Going Quietly Into That Good Night
Posted on April 28th, 2005 by Adam Drake

(With apologies to Dylan Thomas for butchering his title for my own personal log-writing purposes.)

The phaser blasts soared overhead with alarming speed and accuracy. Adam watched in stunned silence as an entire armory encampment burst into flames and sent shrapnel flying everywhere. Adam blinked at the intensity of the colors slicing the darkened night open. He could almost feel his pupils constricting under the change. He recognized the structures; this was Tadaus Prime.

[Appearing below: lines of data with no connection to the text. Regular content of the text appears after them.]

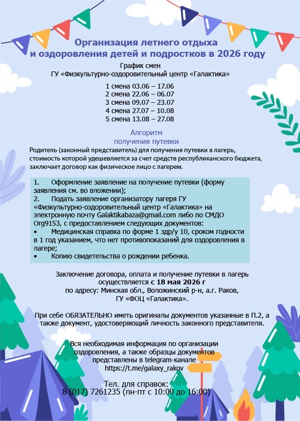 Заключение договора, оплата и получение путевки в лагерь осуществляется с 18 мая 2026 г по адресу: Минская обл., Воложинский р-н, а.г. Раков, ГУ «ФОЦ «Галактика».
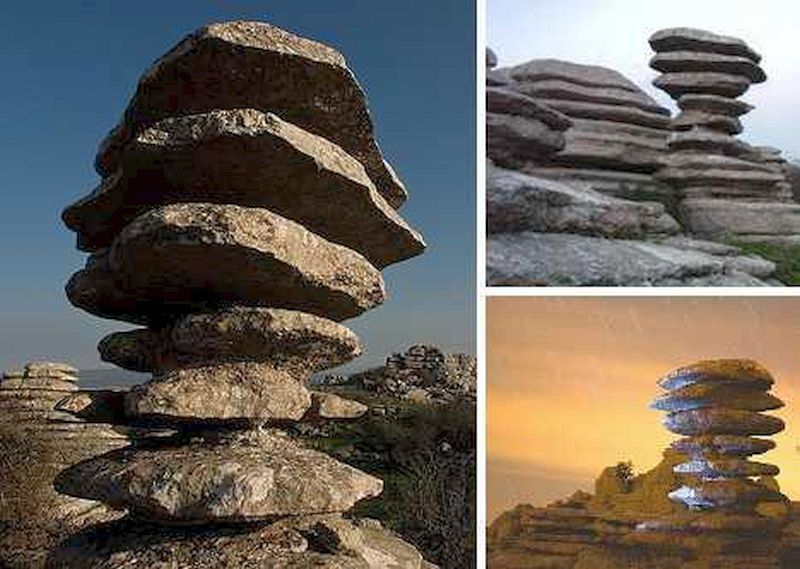 埃爾托卡自然保護區位於西班牙安達盧西亞南部山脈,擁有大量喀斯特石灰岩結構。這些高聳的岩石結構通常帶有尖頂,水平方向遭到風化和侵蝕。這種侵蝕往往形成巨大的“疊羅漢”結構,好似一摞烙餅,但它們要比外表看上去更為穩定。
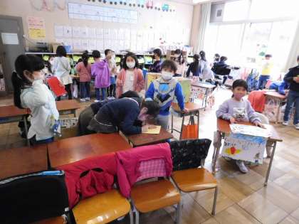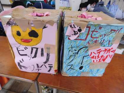箱の中に手を入れて、中身を当てます。タイムが早い方がいいです。
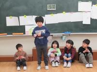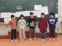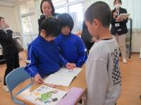 2月18日(火)3限目に、1年生が鵜川保育所の年長さんを招待し「新1年生との交流会」をしました。お互いに自己紹介をした後、1年生がけん玉・お手玉・ぬり絵・こまの紹介をして、楽しんでもらいました。1年生ははりきって自分の担当の遊びの紹介や教室の紹介をしていました。年長さんの6人も自己紹介がとても上手でした。4月から一緒に鵜川小で過ごすことを楽しみにしています。また、昼休み後には卒業を祝う会の全校合唱の練習をしました。
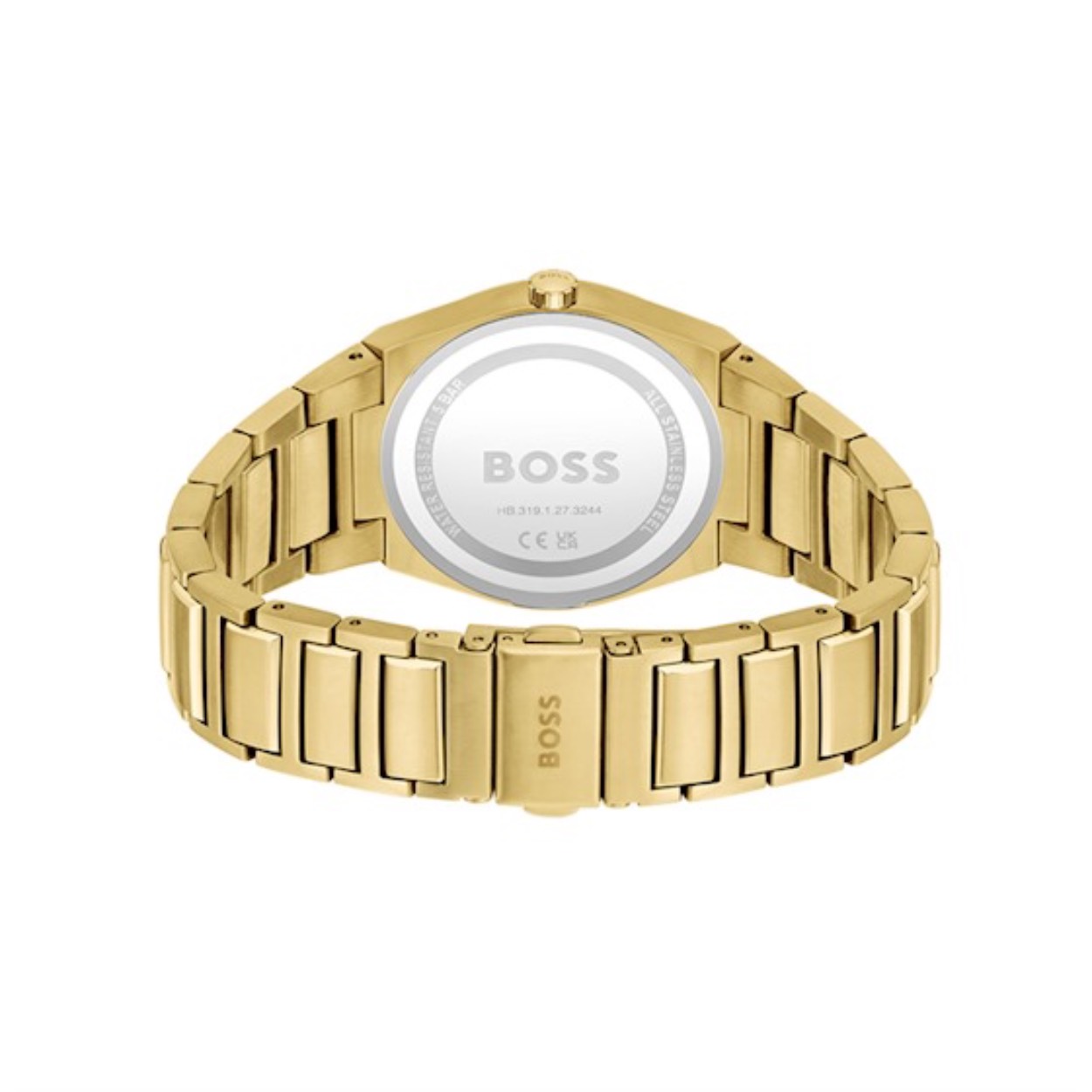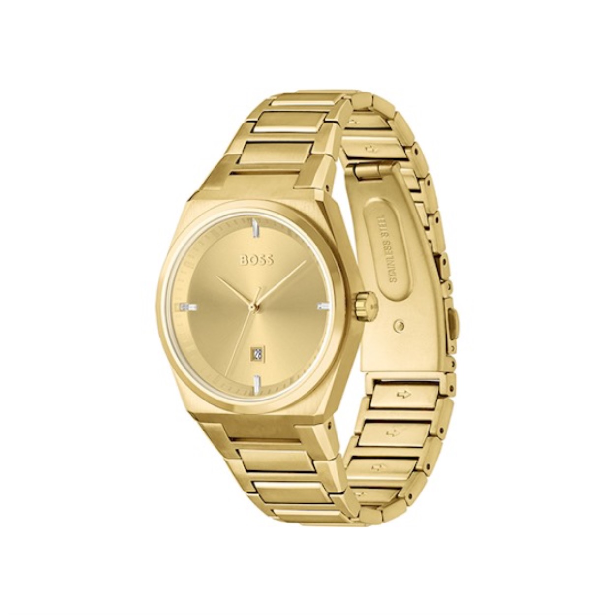 Dit Boss by Hugo Boss horloge, uit de Steer collectie, heeft een vergulde stalen band en kast. De wijzerplaat is sunray goudkleurig met baguette vormige steentjes als indexen.

He turned his head, drawn by the sound of his name. The landscape that once was their camp now lay in desolate ruin. Equipment was turned over everywhere, or completely disintegrated by enemy fire, and dead bodies with charred flesh lay about. Lay about in their final resting places, struck down by a threat that could barely be seen.

Instinctively he threw himself behind a boulder as a pile of dirt was unearthed near his left leg. He could feel his face caked with grime and dirt from being blown to the ground on more than one occasion, but he always managed to regain his footing and get back to the fighting. Fighting, yeah, what he called fighting. The forcefield generators were gone, the automated turrets took one shot and short-circuited, and half of his engineering corps had been wiped out by a photon grenade.


Adam heard his name again, but resisted the urge to get up and look around. They could be anywhere, they could be right behind the boulder waiting to make a move for all he knew. No, he couldn’t risk sticking his head out there if he was just going to get it blown off. Where was a Vulcan to encourage his line of thinking?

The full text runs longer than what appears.